## Dataset extract
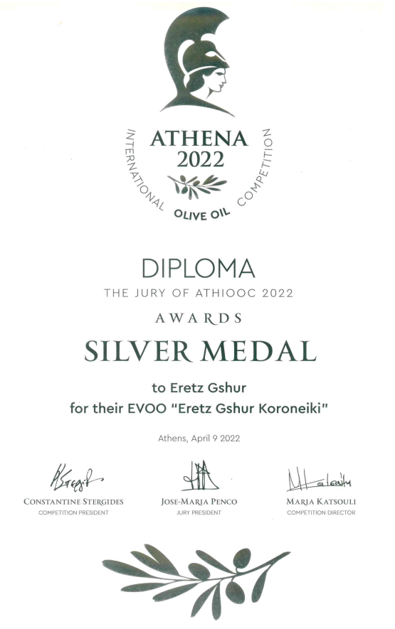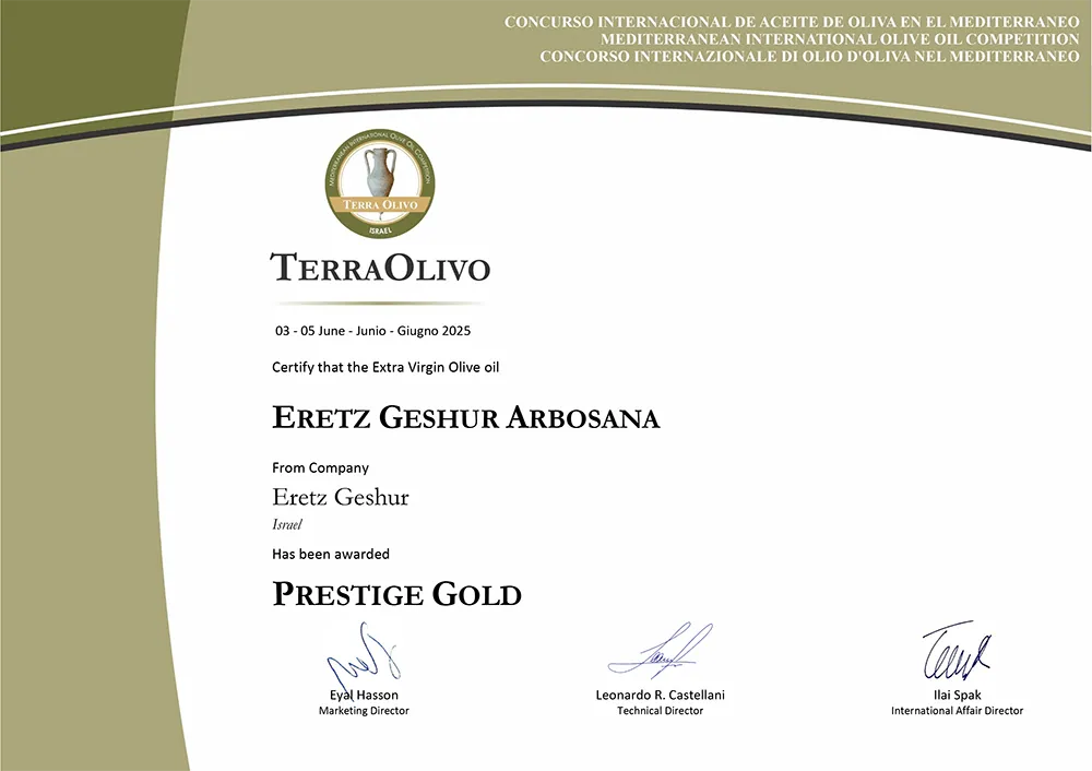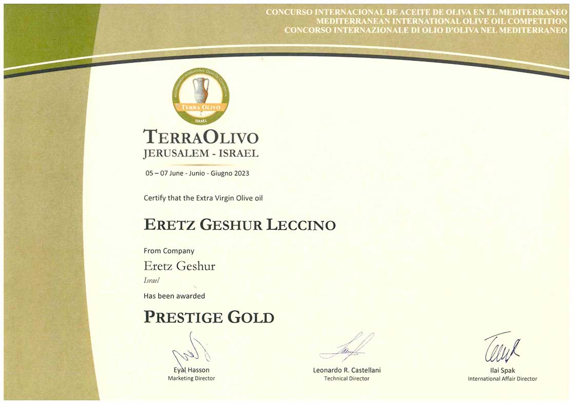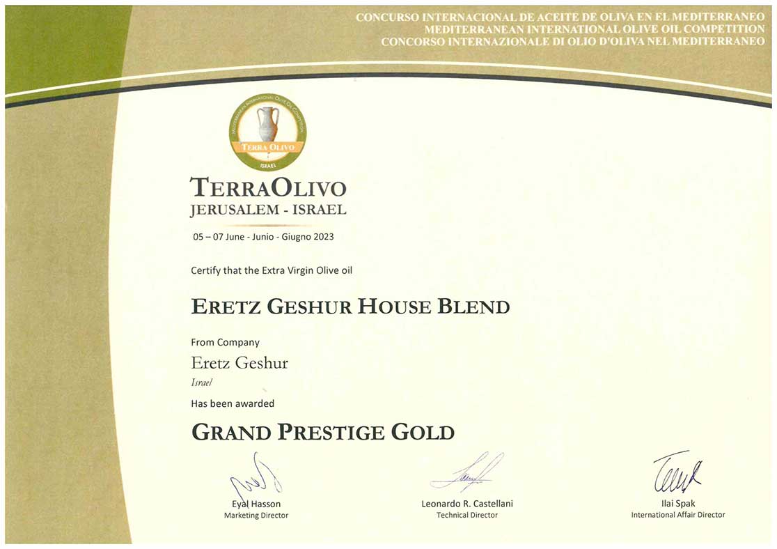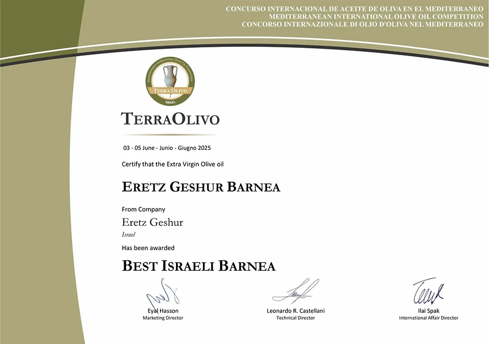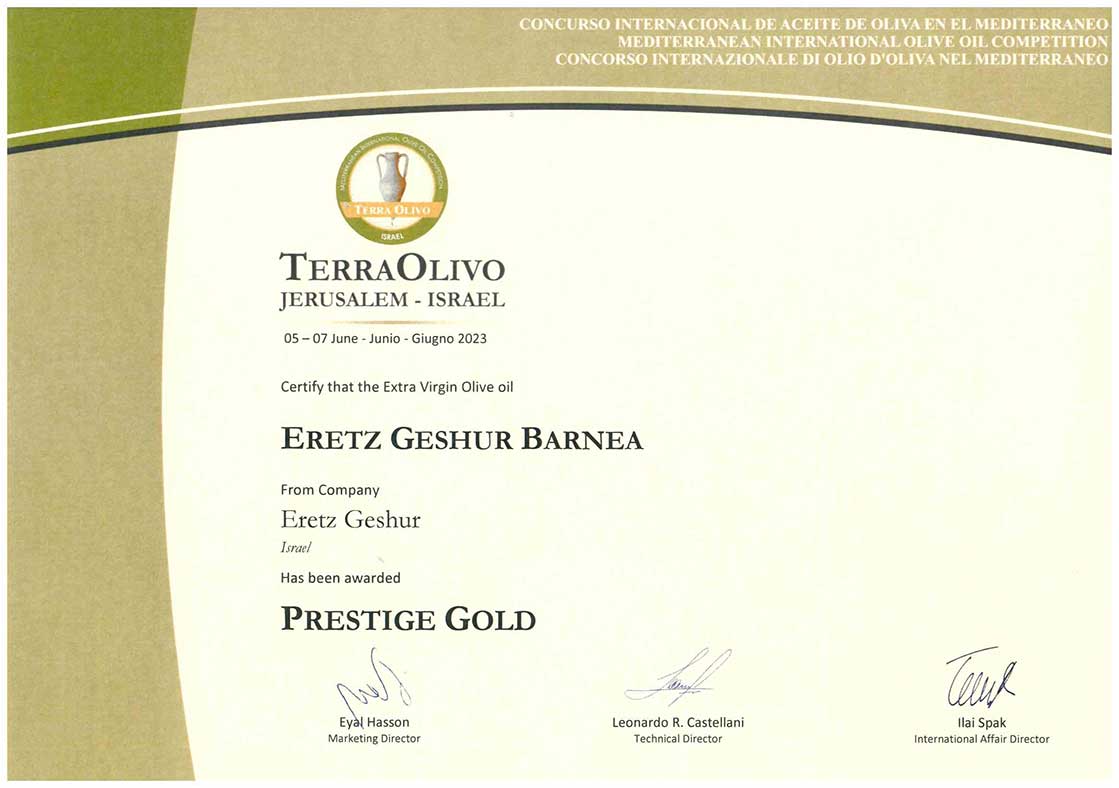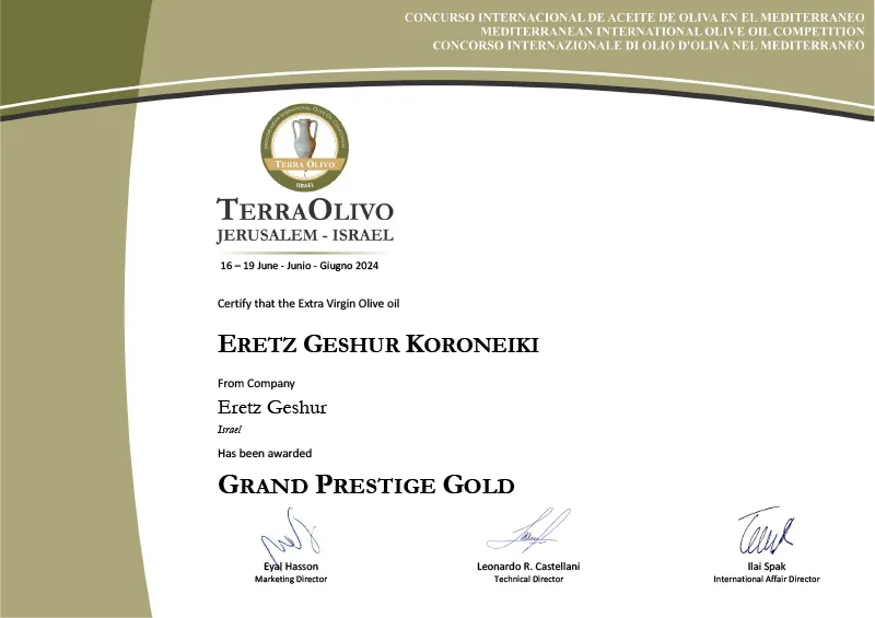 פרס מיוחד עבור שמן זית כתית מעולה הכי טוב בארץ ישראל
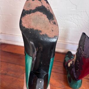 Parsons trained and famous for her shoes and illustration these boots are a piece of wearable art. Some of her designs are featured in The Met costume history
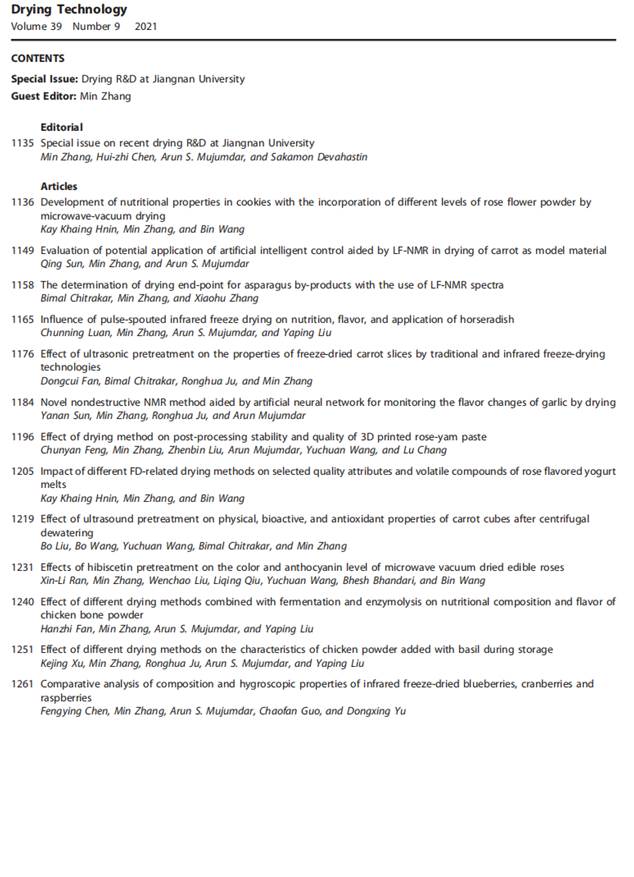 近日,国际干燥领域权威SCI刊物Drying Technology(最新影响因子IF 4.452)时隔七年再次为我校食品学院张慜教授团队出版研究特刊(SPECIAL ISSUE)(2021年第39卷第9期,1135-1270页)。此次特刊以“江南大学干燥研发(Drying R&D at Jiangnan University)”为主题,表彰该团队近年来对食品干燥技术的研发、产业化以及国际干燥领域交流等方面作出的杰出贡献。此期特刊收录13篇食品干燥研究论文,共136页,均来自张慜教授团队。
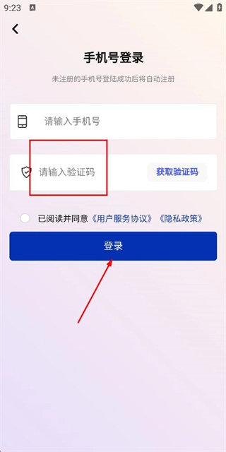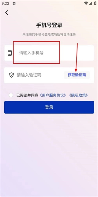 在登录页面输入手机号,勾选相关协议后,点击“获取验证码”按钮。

## Task to carry out
Starting at the first line of the data, set down each line exactly until you have copied the line with "Parsons trained and", but leave the pictures out.

## Task answer
 פרס מיוחד עבור שמן זית כתית מעולה הכי טוב בארץ ישראל
 Parsons trained and famous for her shoes and illustration these boots are a piece of wearable art. Some of her designs are featured in The Met costume history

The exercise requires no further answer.